Third Party Projects



At Datadog, when we decided in 2017 to migrate to a containerized infrastructure, we chose Kubernetes as our containers orchestrator. Its API driven design, its extensibility, and, more importantly, its thriving and growing community, made us decide to fully use it for our infrastructure and applications (including stateful applications).

Our current infrastructure runs on dozens of Kubernetes clusters, on different clouds, adding up to thousands of Kubernetes nodes. The Compute team at Datadog, responsible for this infrastructure, also manages the Kubernetes control plane directly, tweaking the different Kubernetes components, including the API server.

Over the years, Datadog’s engineering teams have been contributing to different Kubernetes projects – new features, corner cases, or bugs – in order to run Datadog successfully.

In this article, we highlight some of these contributions, as well as spotlight some Datadog engineers who have made significant contributions to the project.


As mentioned, Datadog runs a large Kubernetes infrastructure in several public clouds. At this scale it also means that our autoscaling needs are very high and stretch the limits of the different autoscaling solutions. Throughout these years, Datadog engineers have been contributing to the different autoscaling solutions.

Vertical Pod Autoscaler

The Vertical Pod Autoscaler (VPA) is a Kubernetes component that automatically suggests (and optionally updates) container’s CPU and memory requests based on usage statistics.
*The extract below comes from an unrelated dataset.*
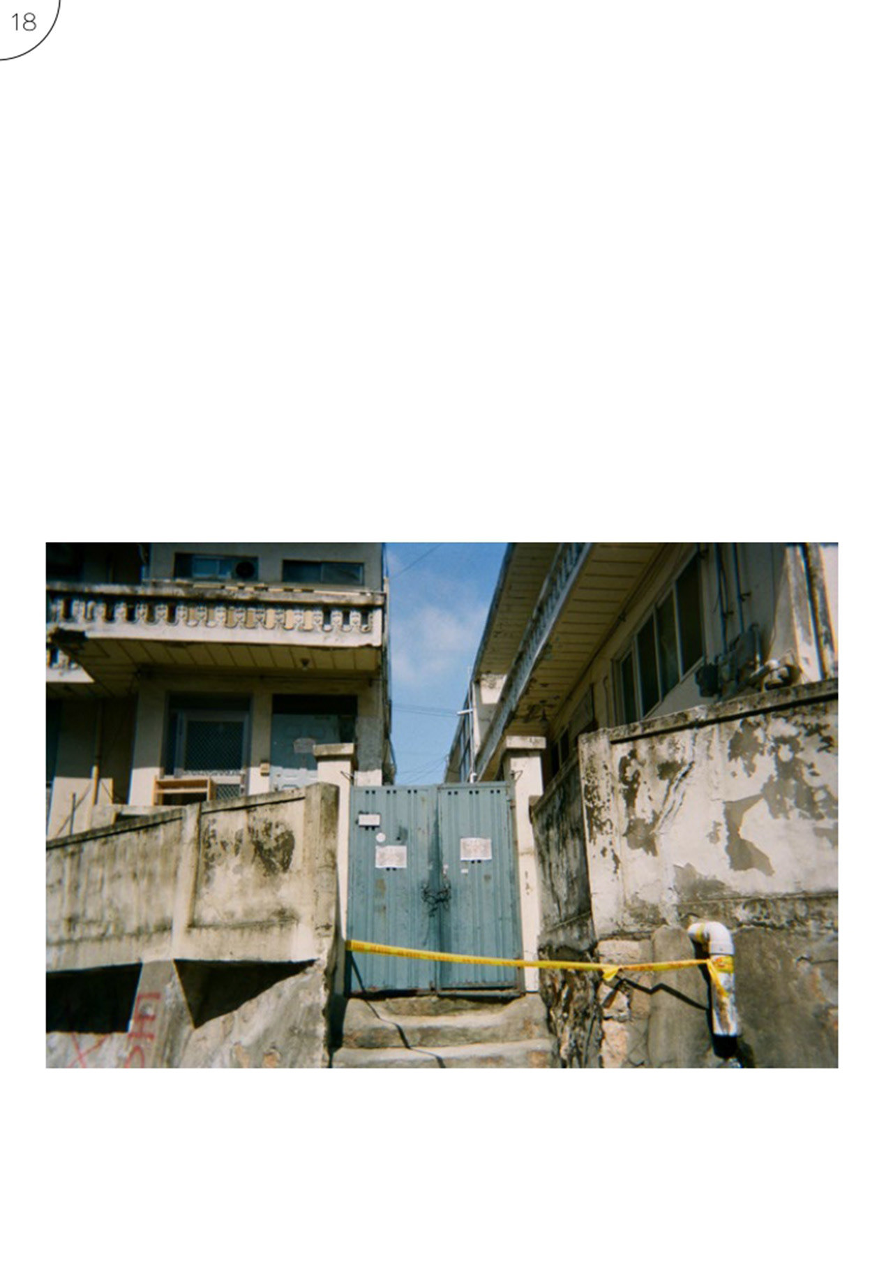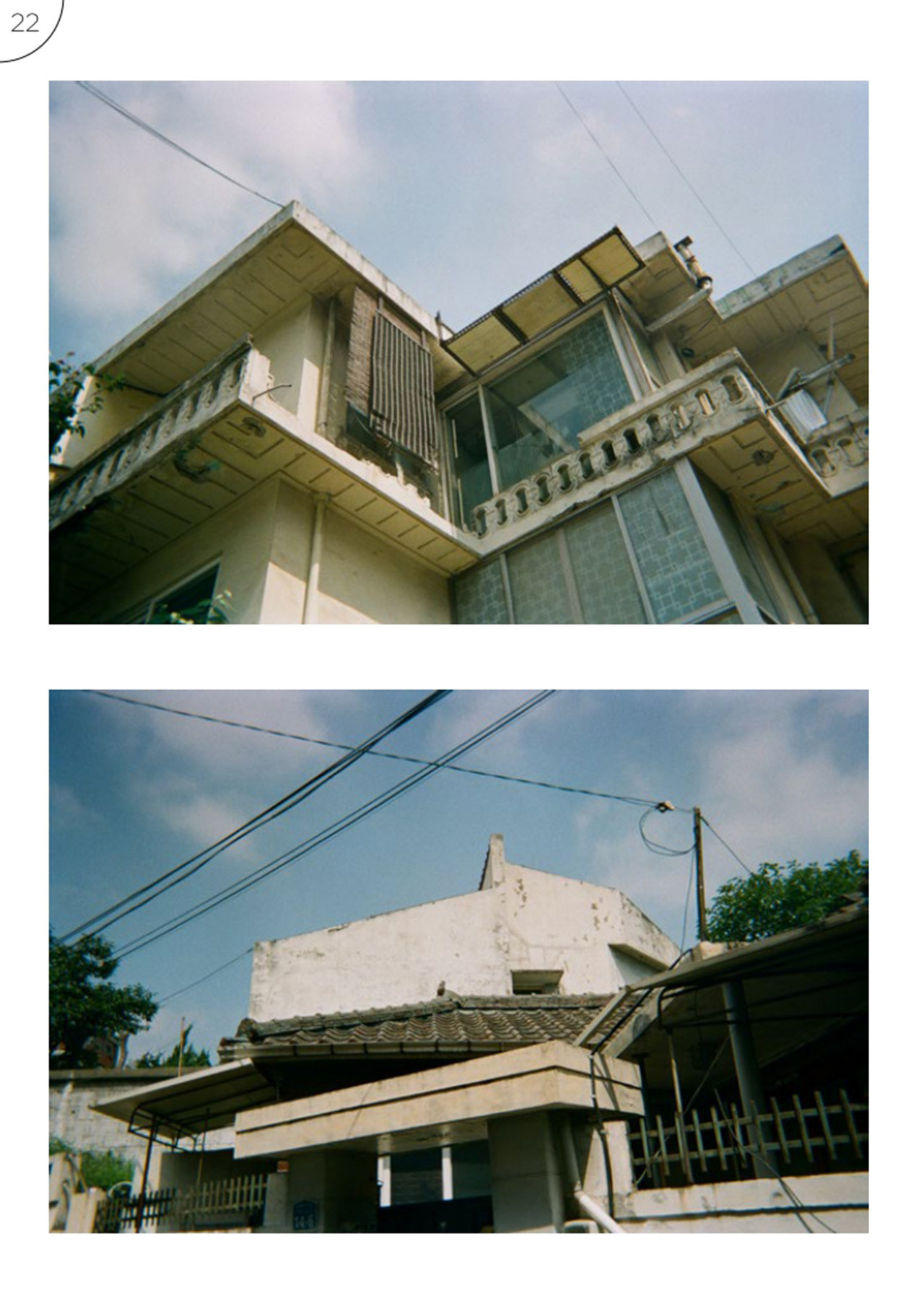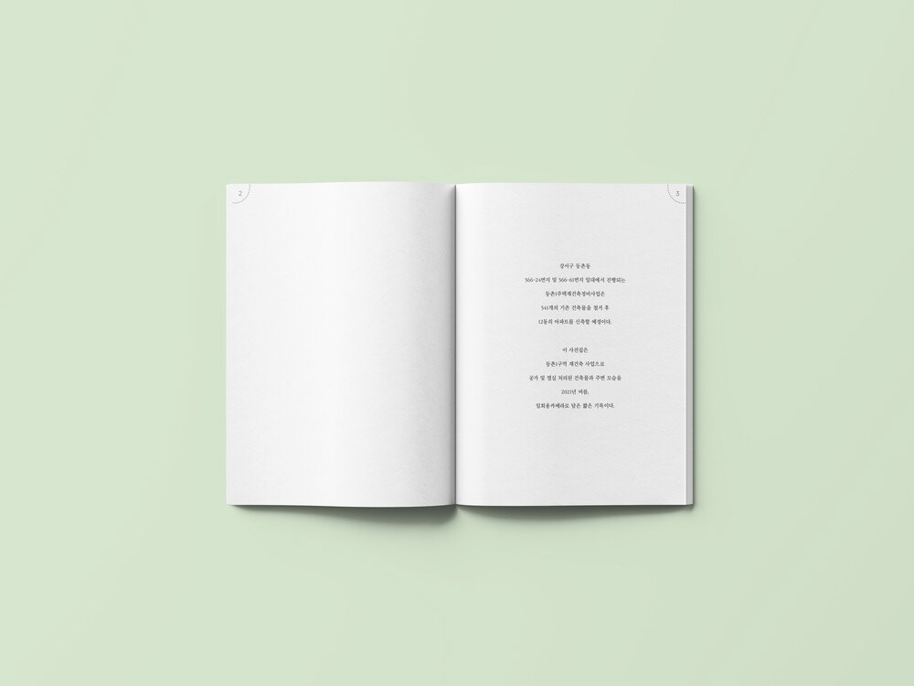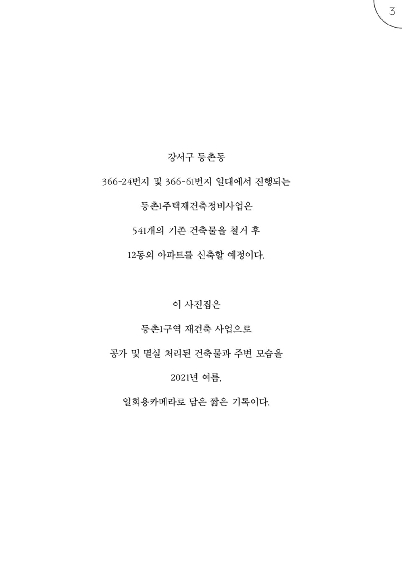 강서구 등촌동 366-24번지 및 366-61번지 일대에서 진행되는 등촌1주택재건축정비사업은 541개의 기존 건축물을 철거 후 12동의 아파트를 신축할 예정이다. 이 사진집은 등촌1구역 재건축 사업으로 공가 및 멸실 처리된 건축물과 주변 모습을 2021년 여름 동안, 일회용카메라로 담은 짧은 기록이다.

As part of our internal usage of Kubernetes, we rely on the VPA to develop internal tools to ensure developers select a good amount of CPU and memory requests for their workloads.

As part of our internal VPA usage, engineers from the Compute team (the team behind our Kubernetes infrastructure) have been proposing improvements and bug fixes to the VPA that benefit both Datadog internal usage and the wider community.

One of Datadog’s biggest contributions to the VPA was Lally Singh’s PR to add the ability to use an External Metrics source. Historically, the VPA relied uniquely on the Kubernetes Metrics Server to gather metrics around CPU and memory usage, but as more companies use external observability tools, it makes sense for the VPA to rely on other metrics sources for its recommendations.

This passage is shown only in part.